You still love him and want to save the marriage. You can't get a refund for the trip. I say go. Set a time limit, say 2 weeks or whatever after you get back, he HAS to make a choice or you'll make it for him and file for divorce. Then follow through.


----------



## sapientia (Nov 24, 2012)

header said:


> Go by yourself.


Another excellent idea. Tell HIM to stay home.


----------



## finallyready (Jan 7, 2012)

Don't go. About a month into my first separation my wife booked a big expensive family trip. I didn't say no because I was still hopeful, thinking that she must still have feelings if she's doing this. The trip was heartbreaking for me. She had no interest in reconnecting with me. She used me because she knew she wouldn't be able to afford trips like that post-divorce. Be strong and give him the separation he wants. Except tell him you're going on the trip and he is not.


----------



## tijiajones (Nov 15, 2015)

Good luck what
you choose


----------



## confusedwifeandmum (Nov 14, 2015)

Thanks again all. Well he came over today and told me he thinks we should move on with our lives. So I guess I won't be going on the trip and my marriage is over. No more limbo. The worst part is that he couldn't even tell me how he felt and end it in private, it was all in front of our son who was sitting on my lap while I bawled my eyes out. Later tonight he also posted a pic on Facebook like he's having a great old time and changed his profile pic (which was of the 2 of us previously ). I don't know who this man is, definitely not the decent person I married


----------



## Satya (Jun 22, 2012)

Not to upset you, and I could be wrong, but either he found someone new or he decided marriage wasn't for him. I tend to think the former due to his sudden behavior, but either way it leaves you in the lurch. 

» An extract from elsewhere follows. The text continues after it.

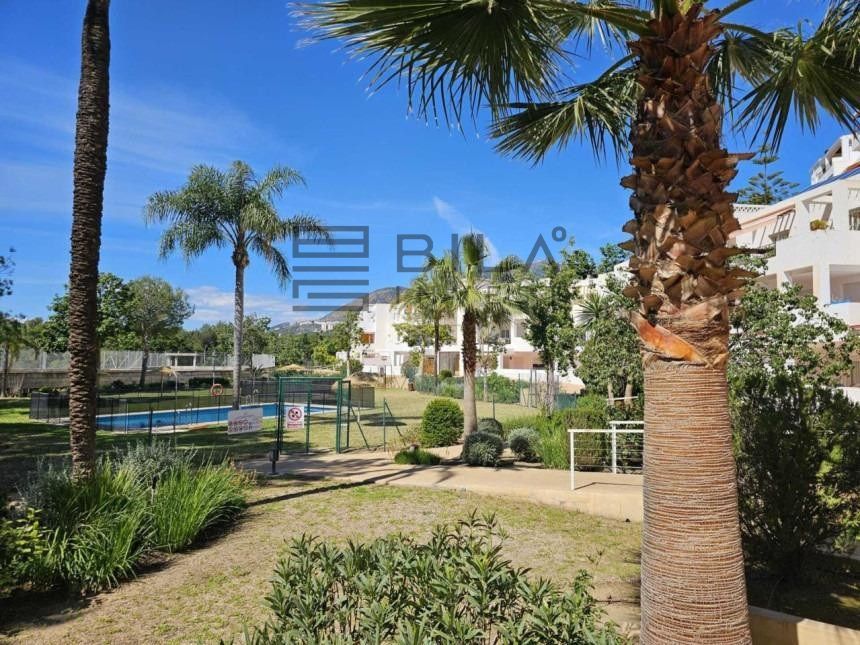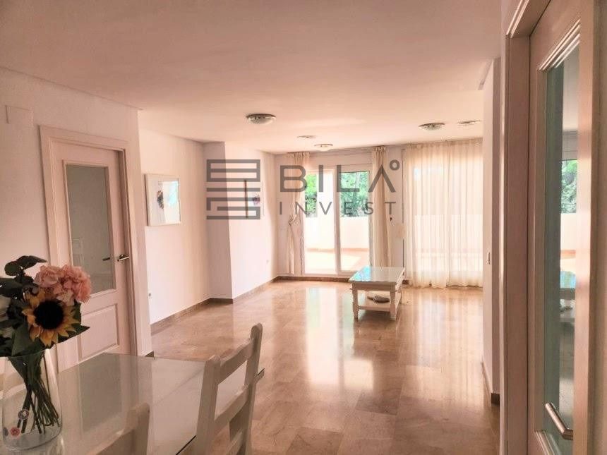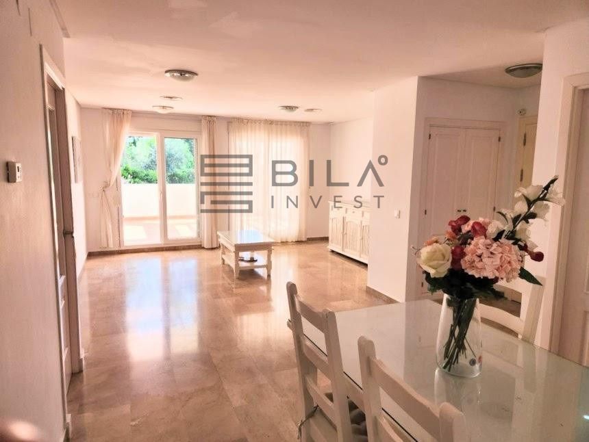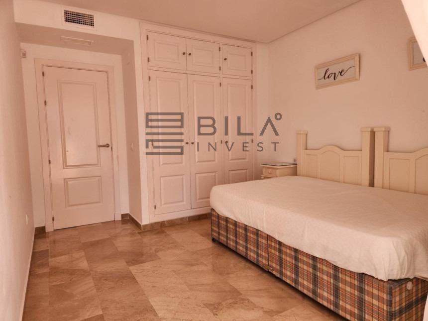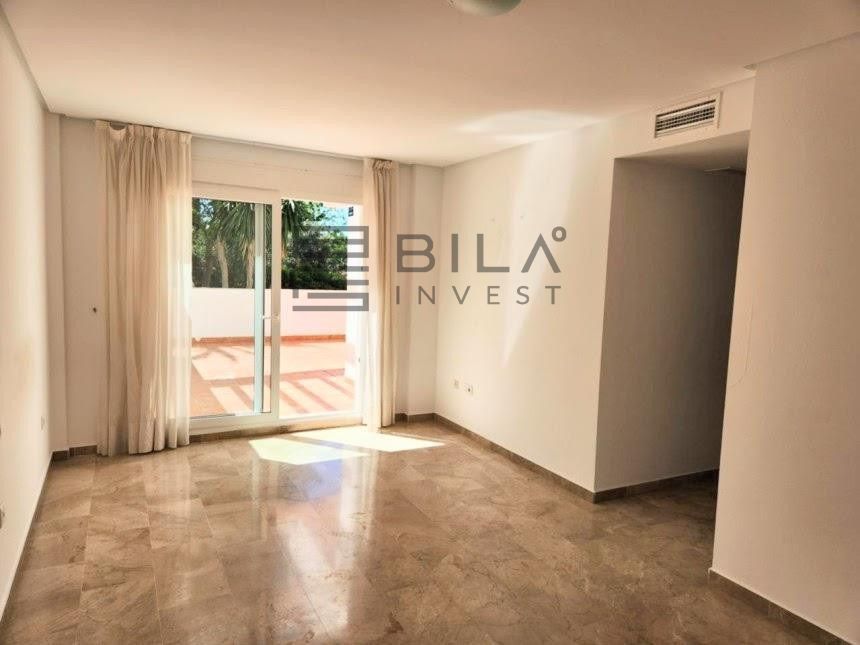 La vivienda, situada en planta baja, cuenta con 2 dormitorios, ambos con armarios empotrados y acceso directo a una espectacular terraza privada con vistas a la piscina. Uno de los dormitorios es tipo suite, lo que brinda mayor comodidad e independencia. Además, el amplio salón también se abre a la terraza, lo que permite una conexión perfecta entre el interior y el exterior, ideal para vigilar a los niños mientras disfrutan en la piscina o simplemente relajarte al sol.

He's not very sensitive is he? Telling you right in front of your son. I think you'll be better off without him. This time, don't cling. Cut the tethers for good, get your ducks in a row, and carry on. Start by blocking him from FB. You don't need to drive yourself mad looking at his life. What he does, doesn't matter now. Keep the "door" firmly shut and bolted to him (figuratively speaking). You have you and your son to worry about.


----------



## Dusty72 (Sep 16, 2015)

I had exactly the same issue,was separated for four weeks,had a holiday booked with my stbxw,it was too late to cancel so we went...
Had a wonderful time,sex,intimacy....thought we were on the right track to reconcile....once home reality crept back in two months later she filed for divorce ....saying " I tried,but I'm not in love with you anymore" when I questioned that we had such a fantastic holiday together..she just said that it was not reality....some sort of fantasy!!!
So it didn't work for me,even though I was working on our marriage when we got back..
My advice...i don't think it makes any difference....its just delaying the inevitable..sorry
_Posted via Mobile Device_


----------



## synthetic (Jan 5, 2012)

Don't go and your husband will probably come back to you (though, I would just tell him to f*** off).

Go and you can be sure he'll pursue divorce as soon as you're back.

Your choice.


----------



## RisingSun (Nov 1, 2015)

I wouldn't. The first time my stbxw left the marriage, she wanted for us to go to NYC together for a romanticized "one last trip".

After asking her what planet she was living on, I said no, that I would not want to go on a trip with a woman who wanted to leave our marriage. She said her mom thought it was a good idea, but I think it was her hope that we'd reconnect. 

My stbxw also suggested we spend Christmas together with out families for "one last Christmas".

She's now left a second time. Life is nutty.


----------